Saya membaca berita terenyuh, sebuah momen sakral justru terselip kabar duka. Kejadian ini seharusnya bisa dihindari seandainya ada kesepakatan pesta pernikahan dilakukan sesuai kemampuan finansial.
Pertanyaan kecil pun muncul, masihkah biaya pernikahan anak menjadi beban orangtua?
Pernikahan di jaman saat ini memang membutuhkan biaya besar. Ada yang menghabiskan jutaan rupiah, puluhan juta, ratusan juta bahkan hingga miliaran. Pengeluaran ini biasanya untuk cetak kartu undangan, foto pre-wedding, dokumentasi, jasa Wedding Organizer (WO), baju pengantin, konsumsi tamu undangan, dekorasi hingga sewa gedung.
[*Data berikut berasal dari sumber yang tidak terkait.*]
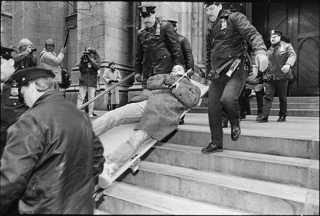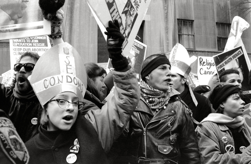 感谢左翼女权主义组织者的帮助,ACT UP在 80 年代末就已经装备了交叉性理论框架(intersectional framework),大约就在柏莉·坎秀(Kimberlé Crenshaw)创造这个术语的同时。尽管一些 ACT UP 成员一头扎在他们的行动主义上,但舒尔曼反复强调,ACT UP中有很多人认为他们参与的是同一场战斗,特别是涉及身体自主权和医疗护理权方面。 ** 事实上,堕胎权利组织“女性健康行动和动员”(WHAM!)与ACT UP共同发起了最著名的直接行动之一,即在圣帕特里克大教堂举行的“制止教会”(Stop the Church)示威活动。 ** 1989 年 12 月 10 日,面对奥康纳红衣主教及其恐同、厌女和普遍敌视的影响,ACT UP和WHAM!在弥撒期间冲进了教堂。舒尔曼指出,这次行动的成功得益于与行动和方法结合的集体领导,“艾滋病是混乱的”,她写道,“那些被艾滋病防治斗争所吸引的人都是反传统的。”

Sebenarnya biaya nikah bisa sangat terjangkau namun faktor gengsi sosial, ingin menciptakan kenangan spesial atau ingin memberikan hal terbaik bagi tamu membuat biaya pernikahan menjadi membengkak.
Tidak jarang tingginya biaya pernikahan yang mahal ini disiasati dengan berutang baik secara personal maupun ke bank. Orangtua menjadi tumpuan bagi si anak untuk dapat membiayai pesta pernikahan yang tergolong besar ini. Alhasil orangtua ikut terjebak dalam utang pernikahan sang anak meskipun ada orangtua yang tidak mempermasalahkan hal ini.
# Pasangan Perlu Kesiapan Mental dan Finansial
Kesiapan memang membutuhkan kesiapan mental dan finansial. Tidak jarang cobaan terberat justru muncul menjelang pernikahan. Tidak sedikit pasangan mengalami percekcokan menjelang pernikahan dan akhirnya pernikahan batal.